ANSWER: The Plot Against America
18. In this novel, the protagonist’s cellmate muses that the only “path to invulnerability” is to renounce all
one’s attachments, after hearing that the protagonist is only allowed to see his wife once a year. In one scene
in this novel, Soviet prisoners are treated well for one day because Eleanor Roosevelt is visiting to inspect the
prisons. There are two versions of this novel, one with nine fewer chapters than the other; the full version was not
published in English until 2009. An autobiographical character in this novel is a mathematician who refuses to
become a cryptographer, Gleb Nerzhin. This novel begins with a phone call made by Volodin to the U.S. embassy,
which results in his arrest. It describes life in a sharashka, and as in another of its author’s works, many of its
characters are zeks. For 10 points, name this Solzhenitsyn novel with a Dantean name.
ANSWER: In the First Circle [or V kruge pervom]
19. This author created a character who is compared to a flying fish which is hated by the rest of the fish in
the sea. One play by this author contains the first notable English use of the pseudo-Italian phrase che sera,
sera, spoken as part of a monologue about the idea that “the reward of sin is death.” Two of this author’s
plays include characters named Callapine, one of whom is an Ottoman pasha and the other is the son of a
Turkish king who is killed by the title character, who asks “It is not passing brave to be a king?” He wrote an
unfinished poem about two lovers which was completed by George Chapman, but is better known for a poem which
inspired a reply by Sir Walter Raleigh. One of this author’s characters says “make me immortal with a kiss” to
Helen, whom he describes as “the face that launch’d a thousand ships.” For 10 points, name this author of plays like
Edward II, Doctor Faustus, and The Jew of Malta.
ANSWER: Christopher Marlowe
20. This poem asks, “Was he to bray this in profoundest brass / Arointing his dreams with fugal requiems?”
One character in this poem “lettered herself demurely as became a pearly poetess,” and that character has
three sisters. The speaker of this poem asks whether the main character could “stem verboseness in the sea.”
The main character of this poem is described as a “Socrates of snails, musician of pears, principium and lex.”

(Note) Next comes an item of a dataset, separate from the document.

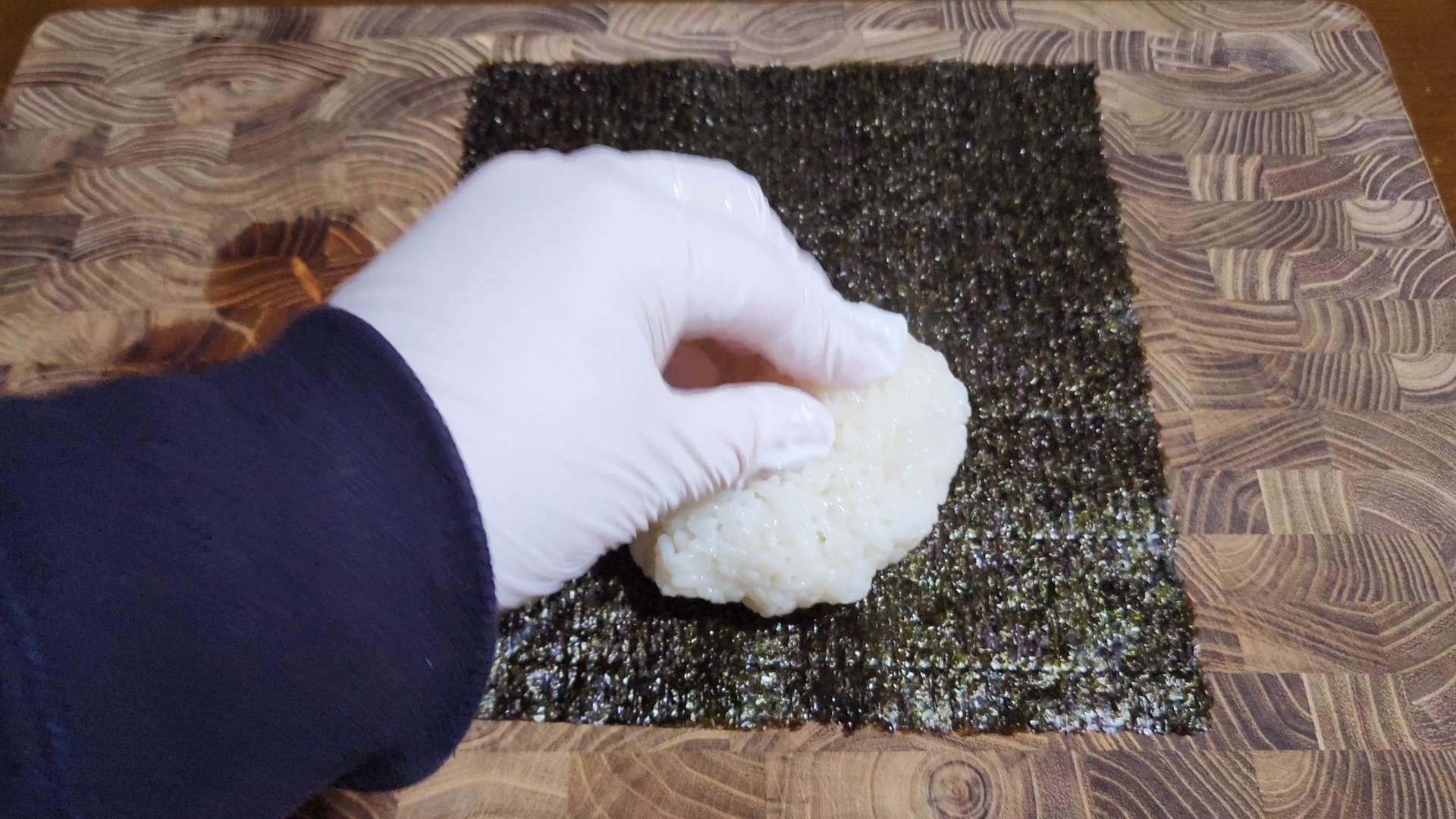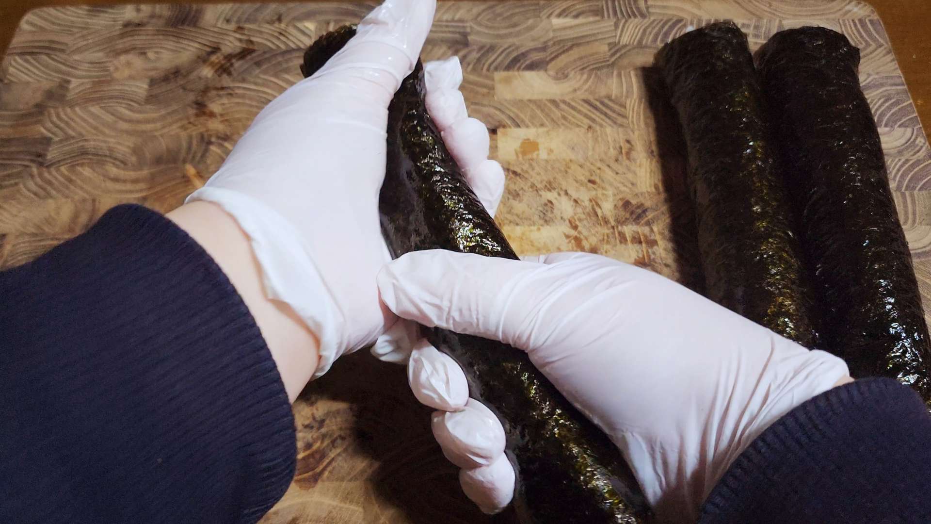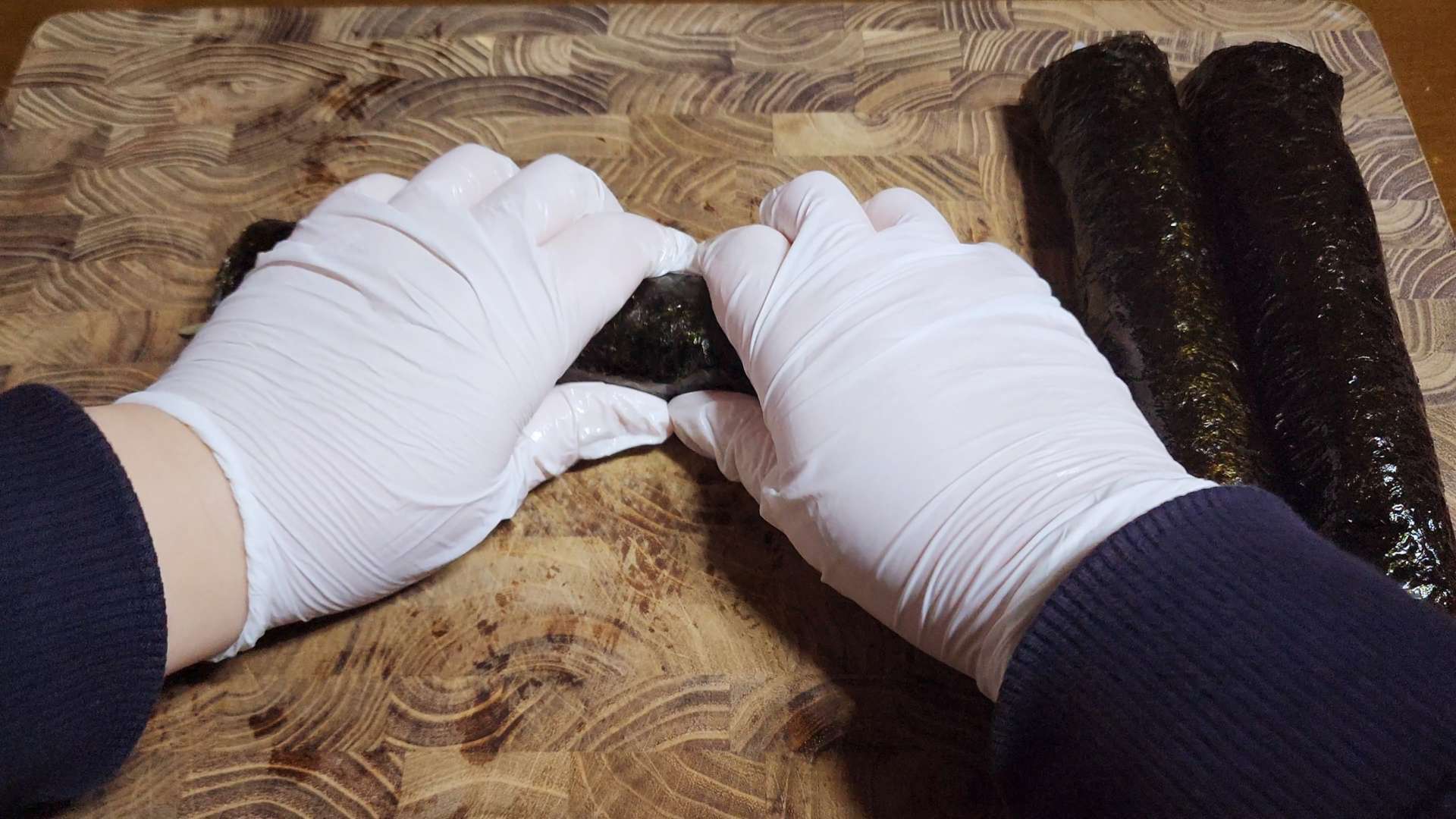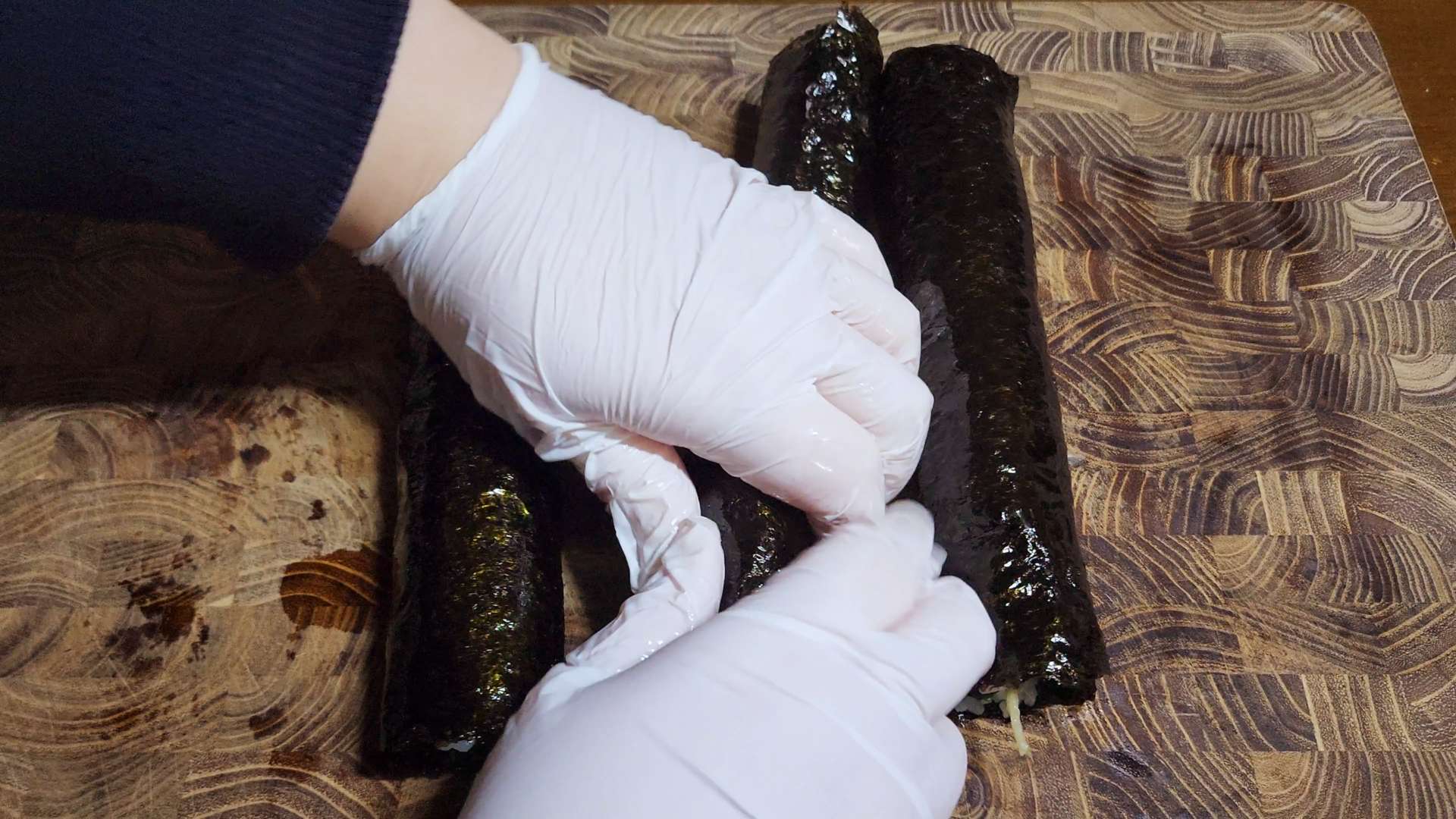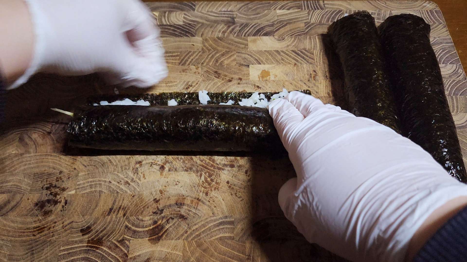 김의 끝 부분에 물이나 밥풀 발라줍니다.

Two sections of this poem are introduced by the word nota, one instance of which is followed by the statement that
“man is the intelligence of his soil.” This poem includes sections like “Approaching Carolina” and “Concerning the
Thunderstorms of Yucatan.” The different sounds made by the title letter of this poem are exemplified in the line
“Exchequering from piebald fiscs unkeyed.” For 10 points, name this Wallace Stevens poem about a voyage
undertaken by Crispin.
ANSWER: “The Comedian as the Letter C”
TB. This man wrote a poem which begins with a rundown of the title figure’s vital statistics before asking
“What did you expect? Talons? Oversize incisors? Green saliva? Madness?” That poem is called “All There
Is to Know About Adolf Eichmann.” One of this writer’s works is a collection of fifty prayer-like prose
poems. This author of Book of Mercy and Book of Longing also wrote The Spice-Box of Earth and Flowers for
Hitler, but his first collection was Let Us Compare Mythologies. His collection Death of a Lady’s Man has a similar
title to a 1977 album he released which included a song featuring backup vocals by Allen Ginsberg, “Don’t Go
Home with Your Hard-On.” A more famous song, from his album Various Positions, says “There’s a blaze of light
in every word” and describes “a secret chord that David played, and it pleased the Lord.” For 10 points, name this
Canadian poet and songwriter who sang “Hallelujah.”